CF aims to model user preference based on user feedback, which generally has two categories: explicit feedback and implicit feedback [
11]. Explicit feedback is often the form of numeric ratings given by users to express the extent to which they like the items. It could measure user preference in a direct and granular way, but some users are reluctant to have such extra operations [
12]. In contrast, implicit feedback is easier to be collected. It includes users’ behaviors that indirectly reflect their opinion (e.g., browse history, clicking record). However, compared with explicit feedback, it has lower accuracy and granularity. For example, a woman buys a skirt online and finds out she dislikes it after wearing it. Through the above analysis, it is clear that these two forms of feedback are complementary to each other since explicit feedback is higher in quality while implicit feedback is higher in quantity. As far as we know, few CF models are based both on explicit and implicit feedback. Thus, in this study we devise a matrix co-factorization model to cope with the heterogeneity between these two forms of feedback.

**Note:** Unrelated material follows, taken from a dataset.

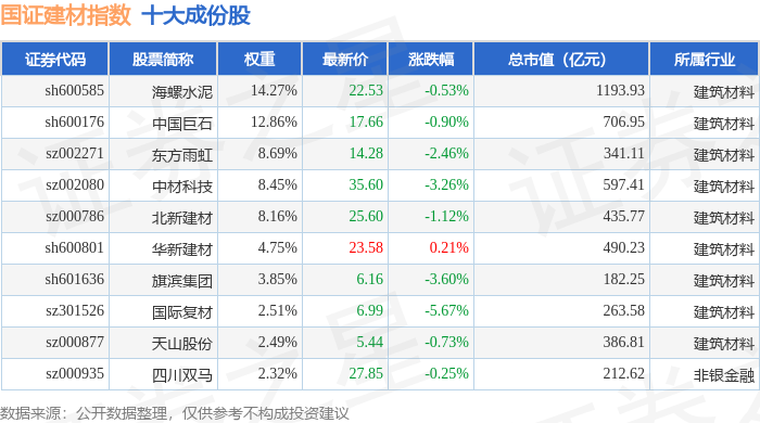 证券之星消息,1月13日,国证建材(980048)指数报收于5026.76点,跌1.65%,成交117.03亿元,换手率2.08%。当日该指数成份股中,上涨的有5家,金隅集团以9.79%的涨幅领涨,下跌的有25家,九鼎新材以6.18%的跌幅领跌。

Our contributions. In this study, we first explore a probabilistic model specifically suitable for handling both explicit and implicit feedback and then devise a decentralized method called DPMF to protect users’ sensitive information. To the best of our knowledge, this is the first privacy-preserving framework for recommendation with both explicit and implicit feedback. The main contributions are listed as follows.

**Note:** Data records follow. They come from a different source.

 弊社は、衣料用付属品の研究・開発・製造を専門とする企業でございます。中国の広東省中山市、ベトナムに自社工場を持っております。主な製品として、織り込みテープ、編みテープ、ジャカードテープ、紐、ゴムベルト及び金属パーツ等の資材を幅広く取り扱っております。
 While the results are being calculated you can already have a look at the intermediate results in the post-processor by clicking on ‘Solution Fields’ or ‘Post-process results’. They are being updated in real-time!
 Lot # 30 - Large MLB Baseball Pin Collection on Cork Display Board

We devise a novel probabilistic matrix factorization method for recommender systems. It uses both explicit and implicit feedback simultaneously to model user preferences and item characteristics, which is practical and interpretable in rating prediction and item recommendation.
We propose a novel decomposing strategy to decompose the shared information among users into two parts, and only share the non-private part. In this way, the model not only gains a guarantee of convergence by exchanging the public information, but also maintains user privacy as the private information is kept locally by users.
We propose a secure and efficient method to train our model. By finding neighbors from the trust statement, users exchange public model information with others. The public and personal model gradients are updated through stochastic gradient descent. Extensive experiments on two real-world datasets show that our method outperforms the existing state-of-the-art CF methods with lower RMSE loss in rating prediction task and higher precision in item recommendation task.
The rest of this study is organized as follows. We introduce the background in
Section 2 and then discuss the preliminaries and the system model in
Section 3. We conduct experiment and discuss the model performance in
Section 4. Finally, we conclude this study in
Section 5.
5. Conclusions
In this study, we propose a privacy-preserving recommendation framework based on decentralized probabilistic matrix factorization called DPMF. Specifically, we devise a novel model combining explicit and implicit feedback into a probabilistic matrix co-factorization model by decomposing observed data into explicit and implicit data matrixes and mapping users and items to a shared subspace of low dimensionality. Besides, we propose a novel decomposing strategy under decentralized settings to keep users’ private information at their end while users’ public information is shared and helps to learn the model collaboratively. The experiments on two real-world datasets demonstrate that compared with classic models, the proposed model improves its performance in lower loss in rating prediction task and higher precision in item recommendation task. Furthermore, the complexity analysis shows that our method is practical with linear computation and communication complexity.
In the future, we will focus on model compression. The recommendation model has made significant progress in using users’ data to predict user preferences and model item characteristics. However, the scale of recommendation model is becoming larger since there are increasing parameters, thus the storage overhead is becoming higher. How to reduce the storage of the recommendation model will be our next stage of work.